The proposed solution is not conventional, but well done for your creativity - it may work amazingly well or fail miserably, like any other novel invention.
I believe others will provide opinions against it, so allow me to focus on the for.
It could actually be an extremely usable UX pattern
Personally, I find little usability in the abode toolbars, like that of photoshop:
It has lots of icons, and an hierarchy of tools (so a long click reveal other tools. I always thought that a more usable solution would be upon pressing some key, a mega menu will appear, neatly organising the tools into coherent hierarchy. Something like in this mega menu, just with the tool names instead of a shortcuts:
In fact, a highly popular Mac application called CheatSheet does something very similar with a keyboard shortcut:
The solution is already a convention, just in a smaller format
The context menu (right click menu) is very similar in nature to what you offer:
It may be right for 100 items as well
Presenting a user with 100 items is dubious and potentially overwhelming. There are a few prerequisites though in order for it to be justified:
- Terms has to be extremely short (1 or 2 words)

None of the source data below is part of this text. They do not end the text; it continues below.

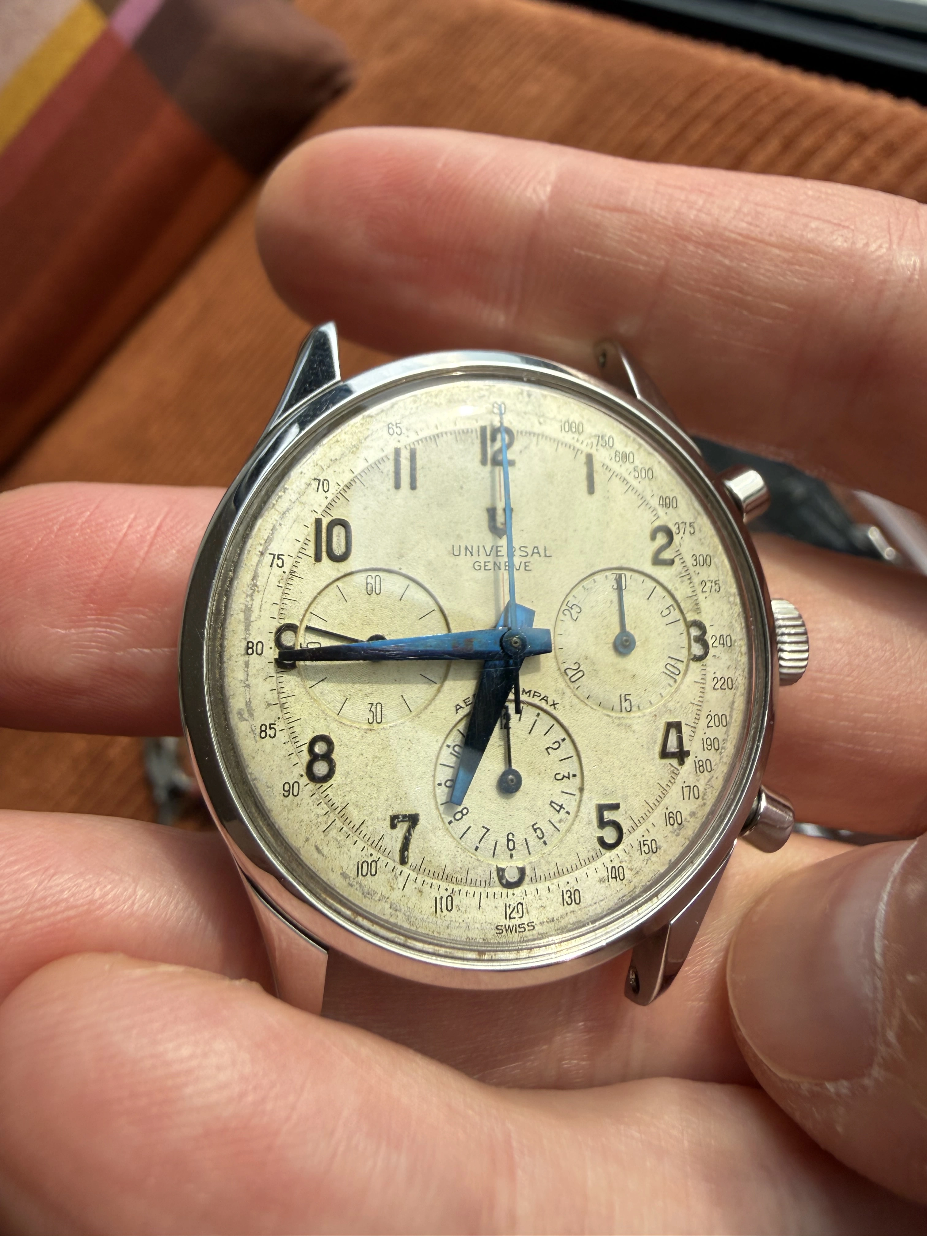 I‘ve owned this Aero Compax for a few years now and always wondered whether the hands got tinkered with at some point in its life. They are shimmering in a dark blue and seem to have been sanded. There‘s no lumen at the tips either. Date of production around 1950.
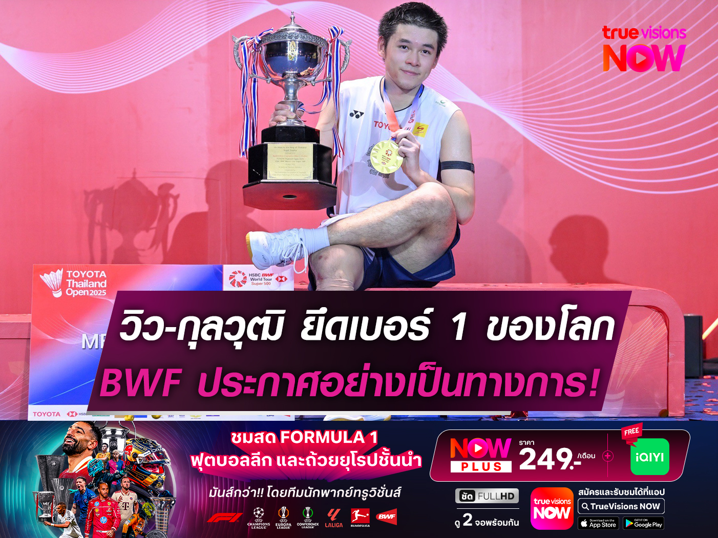 "วิว" กุลวุฒิ วิทิตศานต์ ยอดนักตบลูกขนไก่ขวัญใจชาวไทย ผงาดขึ้นรั้ง "มืออันดับ 1 ของโลก" อย่างเป็นทางการ! จากการประกาศอันดับโลกล่าสุดของ สหพันธ์แบดมินตันโลก(BWF) เมื่อวันที่ 3 มิถุนายนที่ผ่านมา
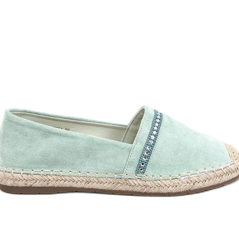 Odkryj niezwykły urok zamszowych espadryli damskich Green w intensywnym zielonym kolorze. Ten wyjątkowy model wyróżnia się subtelną aplikacją z kamieni, która dodaje mu niepowtarzalnego charakteru, sprawiając, że trudno przejść obok nich obojętnie.
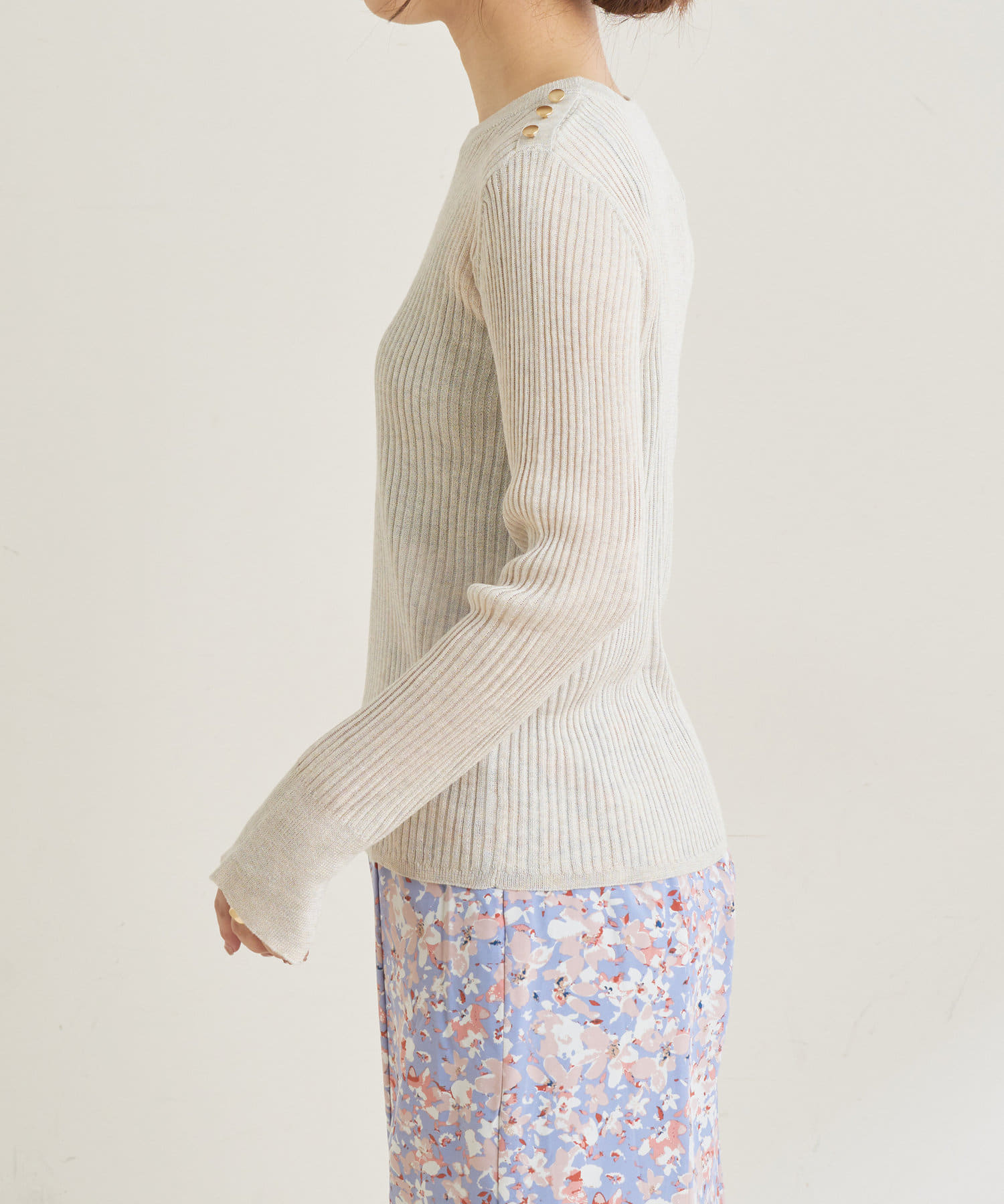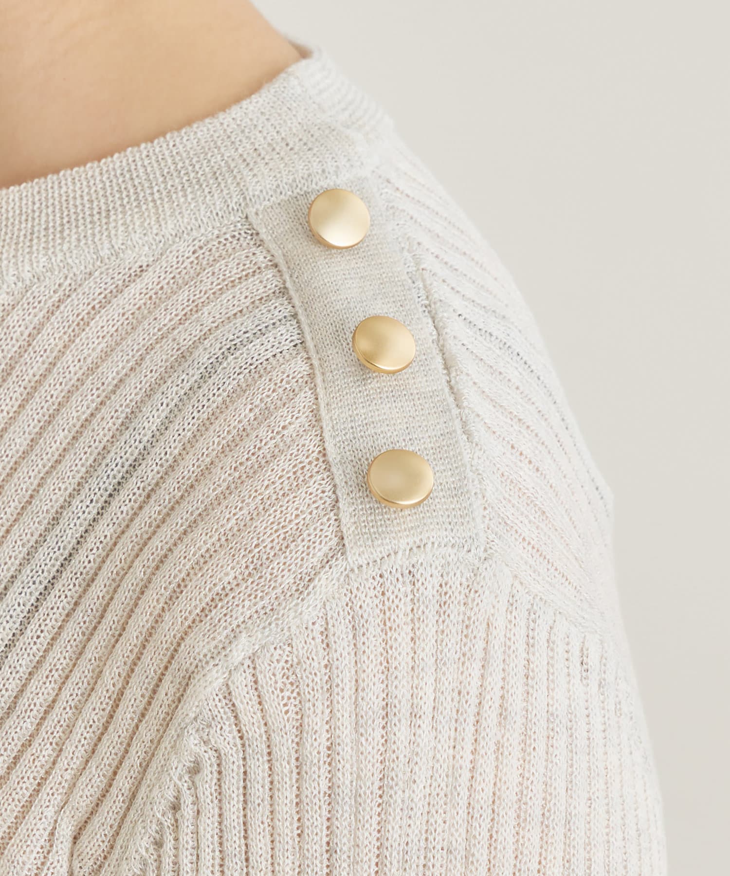 ショルダー部分にマットゴールドのボタンをあしらい、
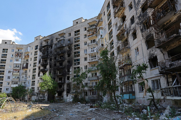 Một tòa nhà bị hư hại nặng trong chiến sự Nga - Ukraine ở thành phố Sievierodonetsk, tỉnh Lugansk ngày 1/7. Ảnh: Reuters |
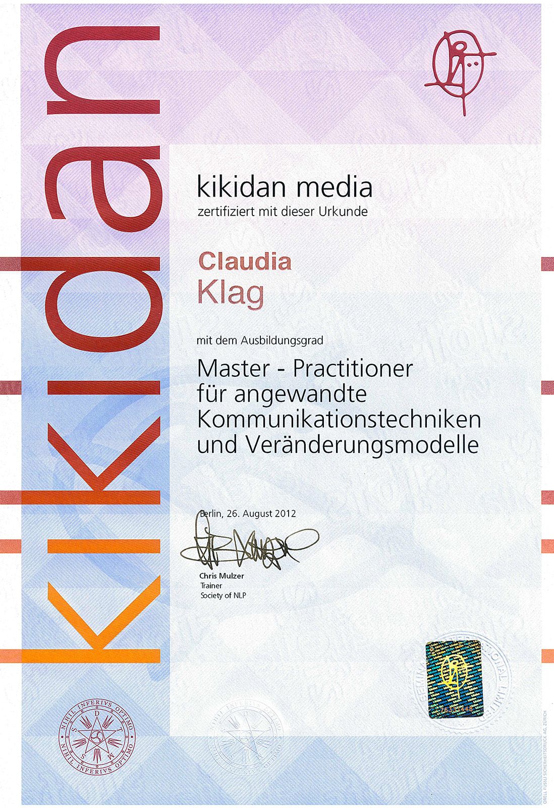 - Master für angewandte Kommunikationstechniken und Veränderungsmodelle – Ausbildung und Zertifizierung durch Kididan Multimedia

- There shall be some division into logical categories, possibly 3 level hierarchy.
- The terms shall be absolutely clear to users so they can find the item quickly without having to think what each item actually mean.
Quite a few mega menus can easily get to 50 or more items. The following example from Ebuyer is fairly good as the terms and categories should be clear to most people (this menu has in total 60 labels):
A bad mega menu is one where users are unfamiliar with the terms, like this Royal Mail menu that despite having less labels (38 in total), is far less usable than the Ebuyer one above:
For instance, users won't know what "Special delivery guaranteed" mean and there is a big mix up between classes here (actions mixed with nouns and a lot of cryptic labels).